PROBLEM REQUIREMENTS - Would you reproduce the data below exactly, please, leaving out its images?

DATA BLOCK -
##########
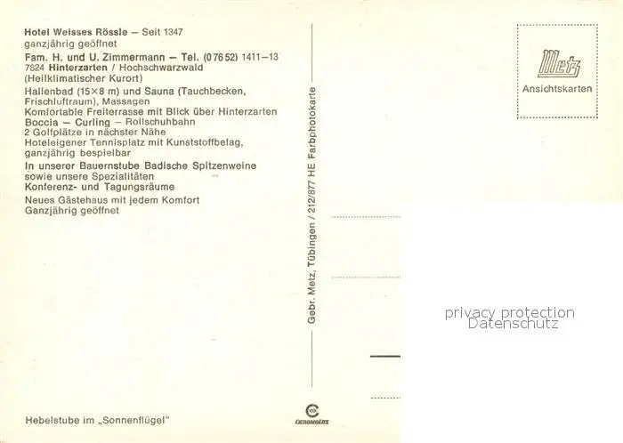 Hinterzarten Hotel Weisses Roessle Hinterzarten postalisch nicht gelaufen nach 1965 Erhaltung siehe scans [WerneD78] WernPID7
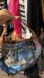 Stylish brown handbag with a spacious navy interior. Perfect for everyday use. authentic coach denim patchwork hobo bag. in new condition just has one small makeup mark. i didnt treat it yet but i do believe it will come out.
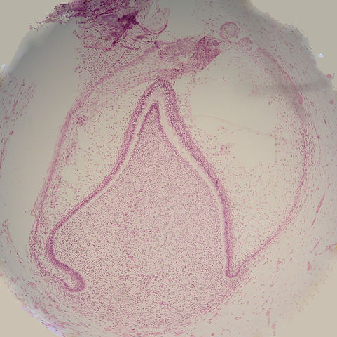 Histology of developing tooth with no labels. Tooth bud is in late bell stage.
##########
YOUR SOLUTION -
 Hinterzarten Hotel Weisses Roessle Hinterzarten postalisch nicht gelaufen nach 1965 Erhaltung siehe scans [WerneD78] WernPID7
 Stylish brown handbag with a spacious navy interior. Perfect for everyday use. authentic coach denim patchwork hobo bag. in new condition just has one small makeup mark. i didnt treat it yet but i do believe it will come out.
 Histology of developing tooth with no labels. Tooth bud is in late bell stage.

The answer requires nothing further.